Russia sends six heavy bombers, 1,800 troops to joint military exercises with China

Six Russian long-range bombers will participate in joint military maneuvers with China later this month, and the two countries are expected to hold larger exercises in the future, Russian military officials said Wednesday.

But Col. Gen. Vladimir Moltenskoi, deputy chief of Russia's Land Forces in charge of the exercise, said that the two nations had no intention of creating a joint group of forces in the Pacific region.

"We aren't creating such a group, we don't have such plans, at least I don't know anything about them," Moltenskoi said.

The Aug. 18-25 exercises on the Shandong peninsula, on the Yellow Sea, underscore growing military ties between the two former Cold War rivals, who have developed a "strategic partnership" cemented by their joint wariness of the United States and its wide influence on global affairs.

Russian officials have said about 10,000 troops - 1,800 of them Russian - will take place in the exercise, in which the Shandong poses as an imaginary state riven by warring parties that Russia and China will move to separate.

Russia will also field a navy squadron, including submarines, and practice air and sea landings.

Moltenskoi said Wednesday that two Tu-95 strategic bombers and four Tu-22M long-range bombers will also take part in the exercise on the peninsula, located about 440 kilometers (275 miles) southeast of Beijing.

The Tu-95s will conduct demonstration flights over the area while the Tu-22Ms will test-fire missiles at ground targets, Moltenskoi said.

Gen. Yuri Baluyevsky, the head of the Russian armed forces general staff, said the long-range bombers will be participating because the region is far away from Russian air bases.

But earlier this year, Russia's air force chief said that the reason for engaging strategic bombers in the drill was to generate Chinese interest in buying the aircraft. Both types of bombers are capable of hitting distant targets with long-haul conventional or nuclear-tipped cruise missiles, the AP reports.

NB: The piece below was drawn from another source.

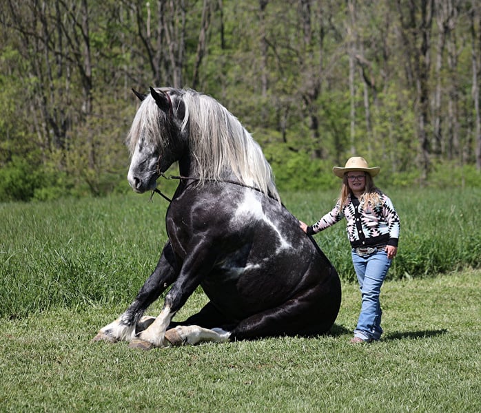 Consigned to Cowgirl Cadillacs in Sheridan, WY. Sales June 14-15th. You can bid online, phone bid or bid in person! With movie star good looks, muscles upon muscles and that long flowing hair you’d expect to see Slate on a Hollywood movie screen. Slate a stout built, 16H, 6 year old, grey tobiano draft-cross (paint/ quarter horse/ percheron) gelding that stands 16H tall. He is trained to lay down and sit, on command. Slate is everyone’s best friend and he loves attention. He has been used around the ranch and can pull anything that you can throw a loop on. If a mad momma cows pushs on him, he will just stay calm and push right back. The kids have ridden him around the ranch and checked cattle on him. He has seen the bright lights, heard the loud speakers and the roar of the crowd at the rodeo while shagging bulls from the arena. He has also been drove down the highways under harness and is traffic safe. Slate has a smooth jog, takes his leads and will lope as soft and slow as horses half his size! He has a good stop, sidepasses to open/shut gates and backs with ease. Slate has been exposed to all kinds of wildlife, he has been used in the mountains for hunting and has packed game. Slate is great on the trails, he picks his way through rocky terrain, crosses deep water, scales slopes with ease and walks across deadfall as well. If you need to feel safe and secure just hop on Slate and enjoy the ride, you will soon see that there is a lot more to this guy that what meets the eye! Call 606-308-2461 for more info.

"The navy can and must be engaged in blocking parts of the territory of this state," Baluyevsky was quoted as saying by the Izvestia daily newspaper. "And aircraft can be used for blocking it from the air."

Earlier news reports suggested the exercise might be held near Taiwan, which would make it look like a rehearsal for a Chinese invasion of the island that Beijing claims as part of its territory. China has threatened repeatedly to attack if the island pursues formal independence.

Moscow and Beijing insisted that the exercise, the first such drill ever, was not aimed at any third country.

Baluyevsky also said "such maneuvers could be held on a larger scale in the future."